Homologous MXene-Derived Electrodes for Potassium-Ion Full Batteries

The development of potassium-ion battery (PIB) electrode materials is critical for promoting their use in next-generation energy storage systems. Although metal-organic frameworks (MOFs) are appealing electrode materials, their performance in PIBs remains unsatisfactory. The low K+ adsorption energy (Delta E-a) on the saturated coordination of MOFs can explain the limited capacity. Herein, MXene-derived MOF nodes (NMD-MOF) are unlocked and used as anodes in PIB. The NMD-MOF anode exhibits substantially increased capacity (250 mA h g(-1) at 0.05 A g(-1)), as well as good rate-performance and excellent capacity retention.

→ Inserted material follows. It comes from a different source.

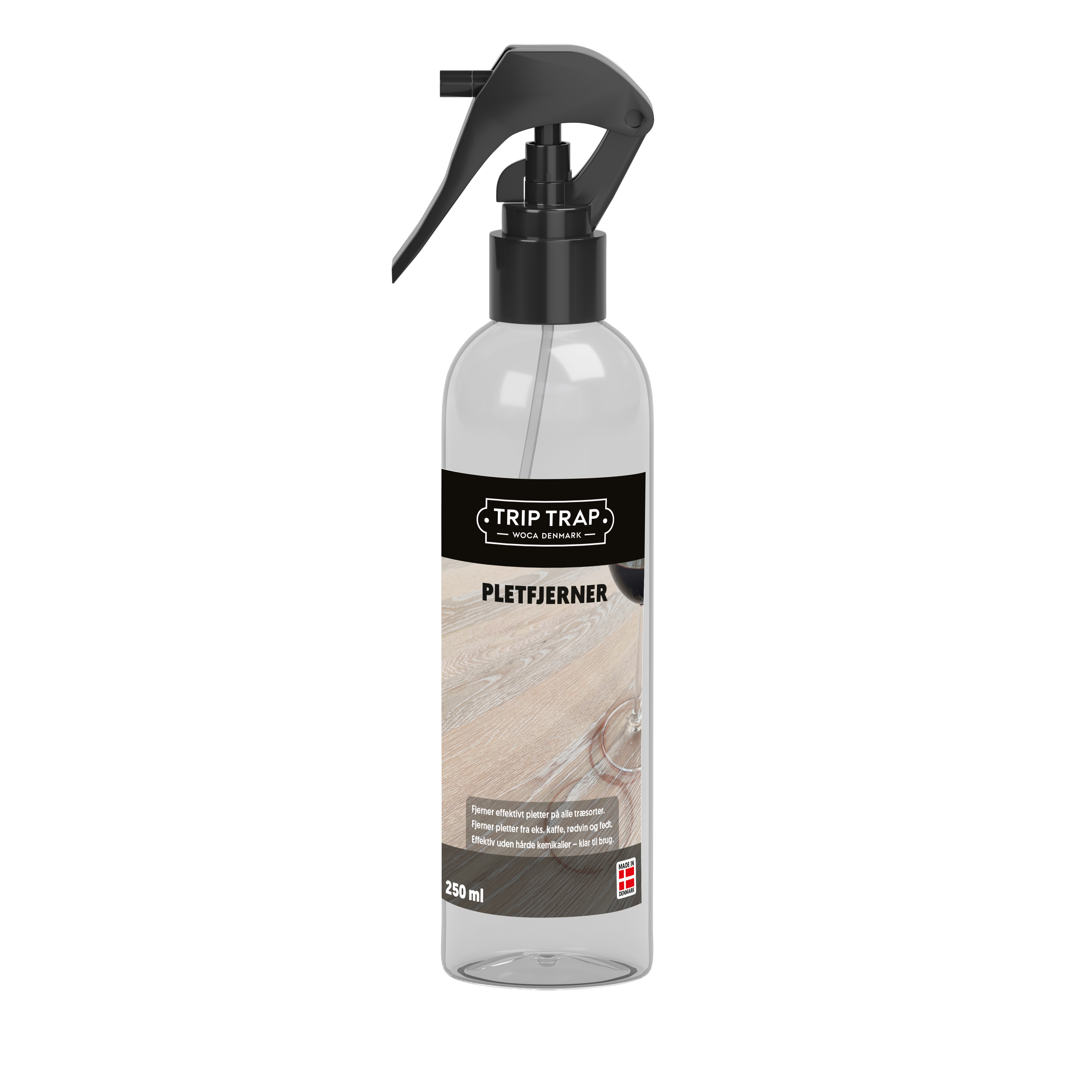 Trip Trap Pletfjerner til træ er specielt udviklet til effektiv fjernelse af pletter på alle typer træ. Det sæbebaserede produkt er ideelt til olierede træoverflader og fjerner nemt pletter fra f.eks. fedt, olie, blod, kaffe, te og rødvin.
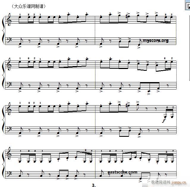 [钢琴谱]民乐名曲 喜洋洋(名曲简易版)

Density functional theory calculations reveal that the Delta E-a at unlocked node sites is significantly higher than at intact node sites of the pristine MOF. Furthermore, the NMD-MOF anode and homologous MXene-derived K+-intercalated vanadium oxide (MD-KVO) cathode combine to assemble a PIB, which delivers an encouraging capacity of 63 mA h g(-1) at 50 mA g(-1) and high energy (143 Wh kg(-1)) and power density (440 W kg(-1)). The fabrication of MXene-derived electrode materials and the unlocking node strategy for binding site activation may spur further research into highly active electrode materials for energy storage devices.